It must be at least a couple of decades since we started talking
about “diseases of affluence”, but that term is now obsolete. The chronic
health problems of the most developed countries have spread to the developing
world, outpacing communicable diseases such as malaria and AIDS in every region
except Africa (and even Africa will catch up by 2020). Chronic diseases, many
of which are preventable, accounted for 63 per cent of the 57 million deaths
worldwide in 2008. Of those 36 million deaths, 80 per cent occurred in low or
middle income countries.
As we know from the mammoth healthcare debate that the
United States has been engaged in, even the wealthiest economies are groaning
under the growing burden of disease. Average health
spending in the OECD countries was 9 per cent in 2008, but the US figure
was 16 per cent, or $7,538 per person. It will be more now. Factors driving
this trend in the richer countries include technological change, people’s
expectations and population ageing. But unhealthy lifestyles are the biggest
drivers of them all, and, sadly, we have exported this problem to the poor --
without the technology to palliate it on the whole.

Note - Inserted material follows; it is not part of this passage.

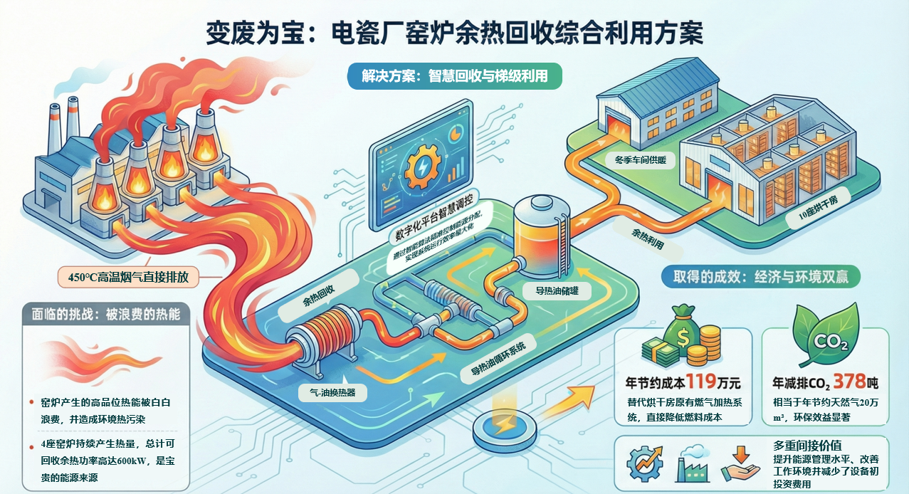 某电瓷厂窑炉余热回收项目(腾博会官网冷热实施项目):年节约运营成本119万元,减排CO₂ 378吨,替代燃气20万m³,实现余热回收与减碳双赢。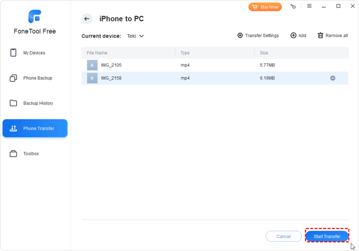 FoneTool transfers files, including video files, from iPhone to PC with the steps aforementioned. All steps can be completed without internet.

The worst of it is that we know perfectly well what we are
doing wrong: eating too much; drinking too much; eating and drinking the wrong
things; consuming more calories than we can use through daily activities;
smoking; watching television instead of exercising…
Is there anyone -- any adult -- in the world who is able to
buy a packet of cigarettes, or a box of Kentucky fried chicken, or another
bottle of vodka (remember, the WHO summit is taking place in Moscow, the world
capital of deadly drinking), anyone who is able to turn on a TV set, who does
not know that consuming that product to excess will damage their health? Young
children might have an excuse for drinking too much soda pop and vegetating in
front of the small screen (negligent parents) but, by adolescence, even third
world youngsters are likely to have heard their first healthy diet messages
from the authorities.
Even without public health campaigns the use of reason, the
feeling that one’s body has become a burden to carry around, or just looking in
the mirror, should alert us to the need for restraint and moderation. The
trouble is that those concepts confront us with the awful truth that we are not
only physically unfit but also, and even more, psychologically unfit to look
after our own health.
How many people under the age of 60 have heard of the virtue
of temperance? How many have been brought up to exercise it? Of the billion or
so people of any age who attend church or synagogue or mosque regularly how
many even hear a homily on the subject?
On the other hand, how many in the younger generations have
been reared and educated in the school of instant gratification, where a bit of
nagging gets you all the TV time and all the bottles of pop you want, and where
even the most dangerous and degrading forms of self-indulgence are condoned by
the ethic of harm limitation. When adolescents are taught that it is fine to
follow their sexual impulses so long as they use a condom, why should they say
no to any other impulse? Why should they not stuff themselves with fast-foods,
get drunk and smoke whatever is to hand? So that is what they do.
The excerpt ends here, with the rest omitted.